I think this is pretty cool. It was much more effective than I would have guessed for those match heads. I glad you are willing to post there is the child in all of us wanting to get out and play.
This reminds me of the much smaller and less-dangerous (but, IMHO, more fun) “matchhead rockets” from The Great International Paper Airplane Book, both because matches are used as propellant and because both designs have a layer of metal that is used both to break the ‘fire triangle’ and as a pressure vessel.
With matchhead rockets, though, a single match is launched at a time, and the layer of metal is only a small piece of foil.
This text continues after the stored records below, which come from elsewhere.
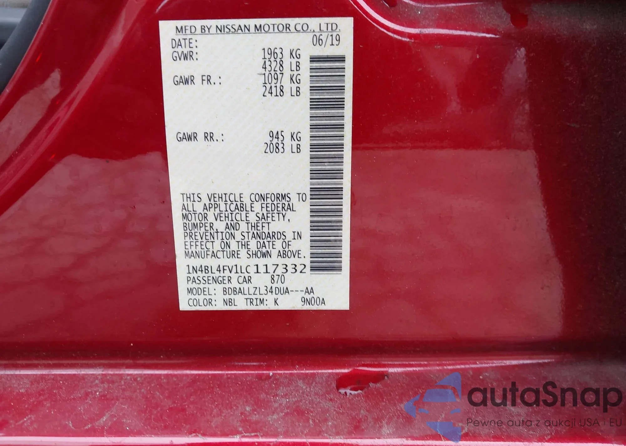 VIN: 1N4BL4FV1LC117332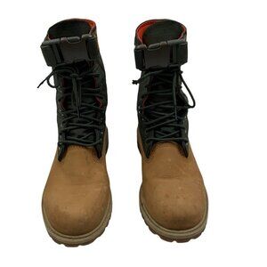 Timberland Junior Mixed-Media Gaiter Boots Special Release/Limited Edition Size 4(Big Kids). In gently used condition, some spotting on tan leather and inner orange lining (please see pictures), soles are in very good condition.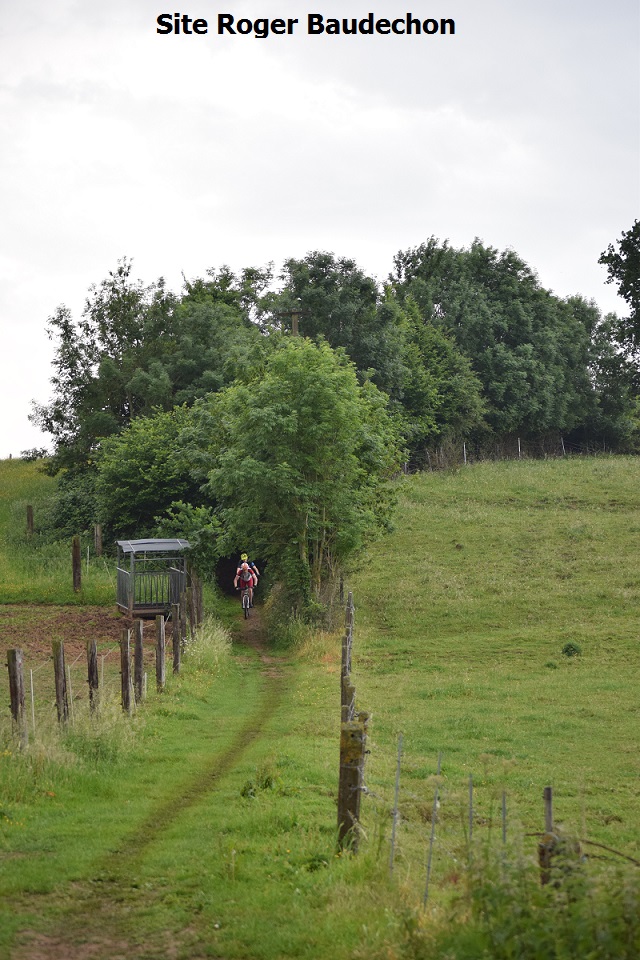 10h30. Le temps de rentrer et de nous diriger vers Ogy en vélo. Départ pour le 17 km. Inscription 3 €, ravito compris. Le marquage est au sol. Un peu à la manière du bleu de méthylène utilisé pour l’enduro. Il fait très chaud, pesant. Le temps est bien à l’orage. Les chemins ne sont pas trempés mais la chaleur est tout autour. La respiration est difficile. C’est même poussiéreux à certains endroits. En bas du Pont Madeleine, nous prenons l’ancienne voie ferrée jusqu’à Lessines. Puis, au moulin de Ghoy, direction le centre du village. Nous empruntons un ancien sentier et un chemin de terre jusqu’au moulin d’Ogy. Remontée pentue pour arriver jusqu’au béton et ensuite, un nouveau beau chemin jusqu’à Sottenière. Retour vers Ghoy via la Laisette. Direction Flobecq et reprise de l’ancienne ligne de la gare flobecquoise jusqu’au Pont Madeleine. Nous confirmons que l’ancienne ligne Lessines-Flobecq n’est pas terminée mais elle est praticable … pour des VTT. Nous confirmons aussi que le petit circuit n’était pas aisé. Plutôt costaud. Mais très bucolique et quasiment sans tarmacadam. Pour ceux qui ont pris les 35,45,55,65 km, cela va chauffer. Si vous avez raté Ogy, n’omettez pas que la « TRANSCOLLINES » c’est le 09/06 à Flobecq. Une bonne occasion pour refaire cette contrée.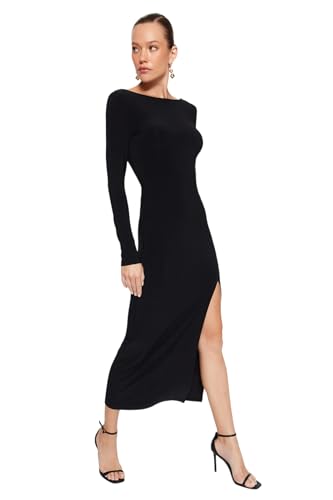 Trendyol - فستان طويل TWOAW24EL00824 ضيق مرن منسوج بفتحة جانبية ورقبة دائرية بدون ظهر للنساء من ترينديول، لون أسود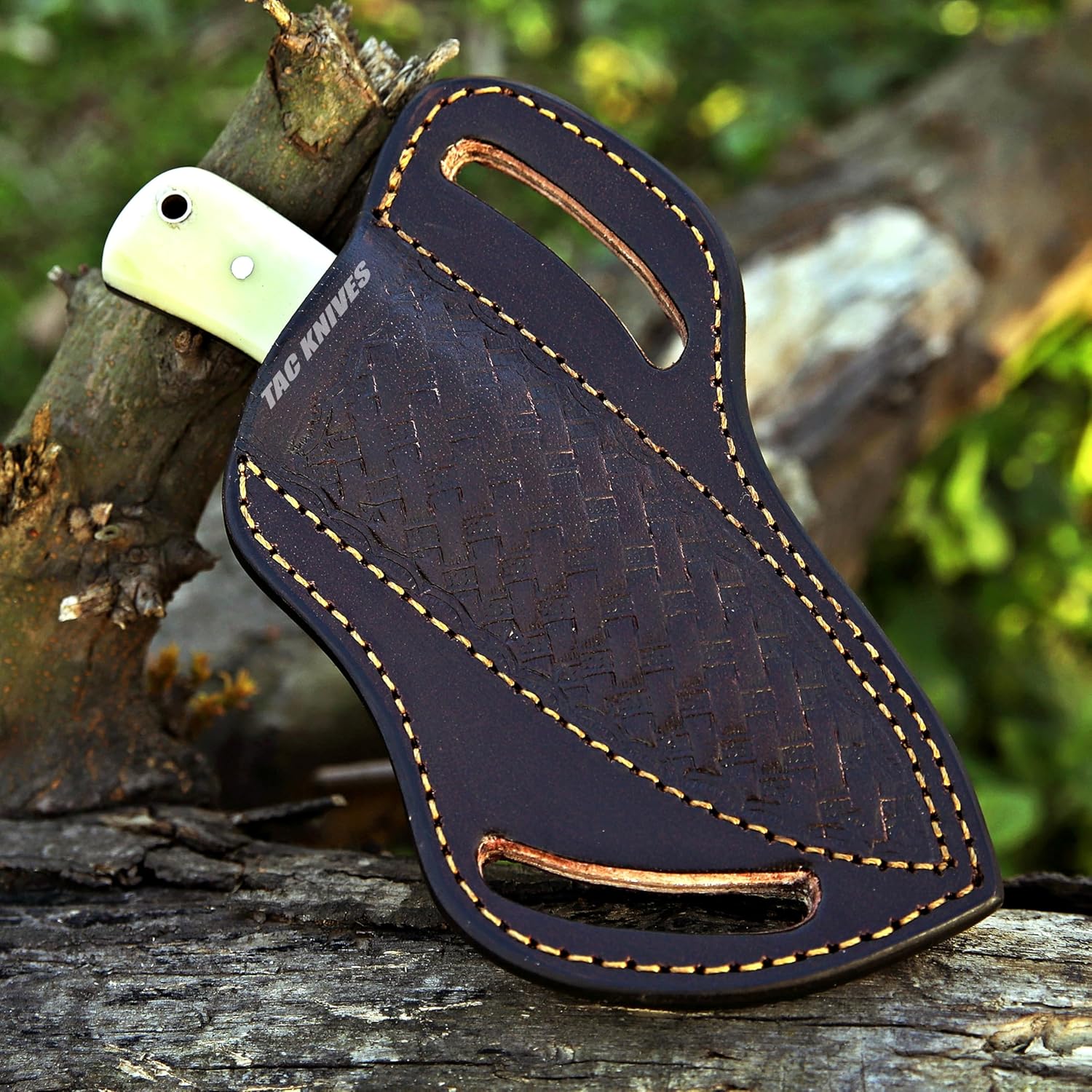 Handmade Damascus Steel Skinner Knife Overall Length: 7" Handle Length: 4" Blade Length: 3" Blade. Material: Damascus Steel Blade thickness: 4 mm Hardness: 56-58 Tang: Full Tang . Handle Material: BONE , Wood. Includes a hand stitched custom full-grain leather sheath with a belt loop. Tips to Care Knife: Never store your knife for long time in leather sheath. Leather can absorb water, which can rust the knife. Always clean the blade after using with oil or wax.

I made something similar (and probably just as dangerous) at school (back in the dark ages)… It used a steel Parker pen refill with the end cut off, and could launch a small steel ball bearing through a gyproc wall. Propellant was either match heads (tended to blow the Parker pen refill into a mushroom after a few shots), or small Chinese fire crackers (now banned in the UK… not as a result of my stupidity so far as I am aware). I failed to collect my Darwin award on that occasion (and several others I might add… detonating camping gas cylinders on an open fire anybody? No? No takers? weedkiller… copper pipe… loud bang.. mud and shrapnel everywhere… metholated spirits related fires… parafin+water in a sealed tin with a small hole in the lid… placed on a fire… All part of the learning process when I was a kid. ), but no doubt if I did as a school kid now, I would end up in the young offenders unit, on a terrorism charge.
HAD what are you thinking of.. this device looks very unsafe… (/me goes back to flying his kite… in the rain… on top of the hill.. wearing wet copper armour… shouting “All Gods is bastids”)
We used to cut a small hole in a ping pong ball and fill it with as many strike-anywhere match heads as we could. We would then wrap the whole thing in black electrical tape, throw it against a wall and take off. The impact would cause the match heads to rub against each other, igniting them. It took several seconds to build pressure but made an impressive bang.
For what it’s worth, I wouldn’t have folded over the end of the copper pipe. Copper formed into a pipe is quite hard (and brittle as a result). You either have to heat the copper to anneal it before working it or you have to find some other way to put a cap on the end. Seems to me that brazing a pipe cap on the end would be sufficient. It takes a lot of heat to melt your standard brazing alloys – much more than the average propane torch is going to put out.